第250話 護送の助っ人は・・・

 『ダー、戻ったな。すぐに牢の建物に来てくれ。』

 僕が、用意してもらっていたアーチャのバッグから飛び出したら、すぐにそんなグレンからの念話が来たよ。

 焦った感じとかはなかったし、どっちかって言ったらうれしそうな感じだったから、いない間に困ったことが起きた、とかじゃないみたいだけど、あまりにすぐでびっくりしたよ。


 で、僕は、アーチャのバッグが置いてあった、僕にあてがわれた部屋から、外に出た。


 どうやら、こっちの小屋からは人が出払っていたみたいで、様子を探ると、牢がある方の小屋にたくさん人が集まっているみたい。

 あと、チラホラ感じる気配は、ディルたちとやってきた南部の騎士たちが、見張りをしているんだろうか。
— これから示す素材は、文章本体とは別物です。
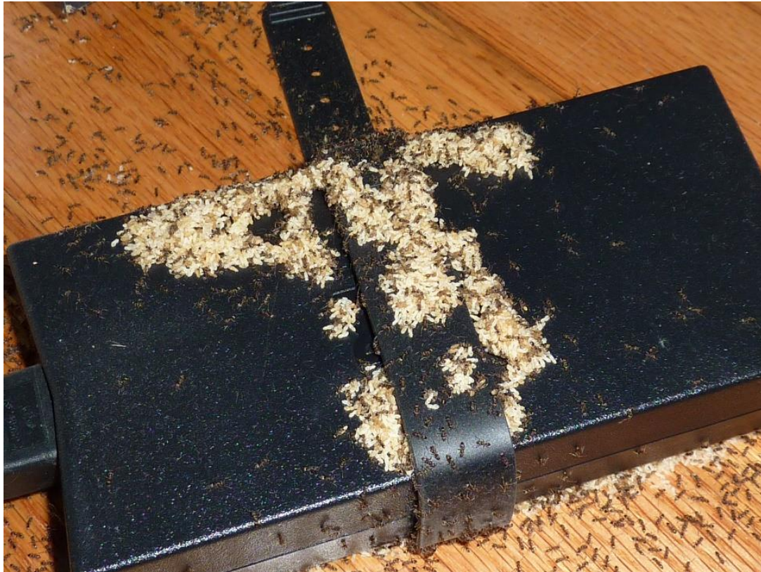
Figure 1. During cool winter weather in Georgia (USA) (October through March), Argentine ants routinely move indoors [37]. In this image, on a cool October evening in Georgia, Argentine ants located and recruited to a warm computer battery charger located indoors, where grams of brood were relocated.

about invasions by Argentine ants that week. Ant invasions were most prevalent during the winter months when the weather was cold and wet. A similar phenomenon occurs in the Southeastern U.S. during the winter when ants move indoors during cold weather (Figure 1).

 僕が外へ出て、そんな騎士さんたちと出会うと、みんな最敬礼してきちゃう。一応返礼はしてるけど、見ての通りしっかり冒険者の格好に着替えてるんだから、冒険者として扱ってほしいものです。


 あ、ちなみに、アレクサンダー号からボードで降りて、エッセル島へと向かったと見せかけた僕。エッセル島上陸はせずに、途中でボードごと宙さんの空間に入ったんだ。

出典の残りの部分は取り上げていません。